Nochtans kende zijn relatie met het orkest ups en downs. In 1988 escaleerde een conflict over zijn nevenfunctie aan het hoofd van het Royal Opera House Covent Garden in Londen, die hij sinds 1984 uitoefende en waar hij zijn passie voor opera uitleefde. Hij deed ook veel gastdirecties, van het Boston Symphony Orchestra en het Chicago Symphony Orchestra tot het London Symphony Orchestra en het Chamber Orchestra of Europe.
Jan Raes, voormalig intendant van het Concertgebouworkest, leerde Haitink kennen in 2008. ‘Ik ken hem als een extreem integere musicus. Voor elke compositie en concertreeks kocht hij weer een blanco partituur en studeerde die in alsof het iets nieuws was, hoe vaak hij de muziek ook al had uitgevoerd. Hij had altijd weer die jonge, frisse blik, hij vermeed elke routine. Dat is zeldzaam. Hij gaf zijn muzikanten veel ruimte en vertrouwen, maar kon tegelijk heel dwingend zijn op een aantal aspecten zoals tempowisselingen en balans. Een transparante, gecultiveerde klank was zijn handelsmerk. Hij ging niet voor de decibels. Hij was een timide, twijfelende, bescheiden man: hij zag zichzelf niet als een ster, maar als een uitnodigend bemiddelaar. Hij was ook heel belezen en erudiet, een denkend musicus.’

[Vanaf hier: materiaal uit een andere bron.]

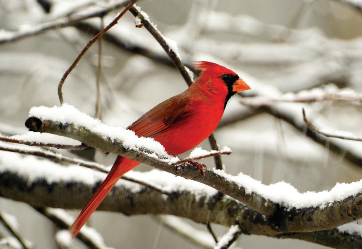Northern cardinals (Cardinalis cardinalis), the Illinois state bird, are permanent residents. Their diet of seeds, fruits and insects helps them find enough food year-round. Like mammals, “cardinals are endothermic, meaning they produce their own body heat,” Vaos said.

Haitink verwierf wereldfaam als dirigent van het romantische repertoire van Bruckner, Mahler en Strauss, en Franse muziek – Debussy en Ravel. ‘Zijn late Bruckners zijn van het mooiste wat ik ooit heb gehoord. Hij was heel goed in die bijna eindeloze muziek, onaards bijna.’
De jonge Vlaamse dirigent Martijn Dendievel volgde drie keer masterclasses bij Haitink in Luzern. ‘Het was indrukwekkend om naast hem te staan, zijn handbewegingen te zien en te voelen, en vooral de psychologische manier waarop hij met het orkest werkte: de muziek kwam op de eerste plaats en als er iets misliep, nam hij de schuld op zich en vroeg gewoon het nog eens te doen. Hij was heel respectvol ten aanzien van de muzikanten en de componisten. Dat grote respect kon hij als geen ander overbrengen op een orkest. Hij leefde er ook voor om zijn ervaring door te geven aan de jeugd.’
‘Het was inspirerend hem te horen spreken over muziek, over hoe hij zijn tijd indeelde en boeken las om een beter dirigent te worden. Als je de verbinding kunt leggen tussen een schrijver als Thomas Mann en de componisten uit die periode, dan heb je meer voeling met de leefwereld van die componisten. Als je dat kunt overbrengen op een orkest, is dat heel speciaal.’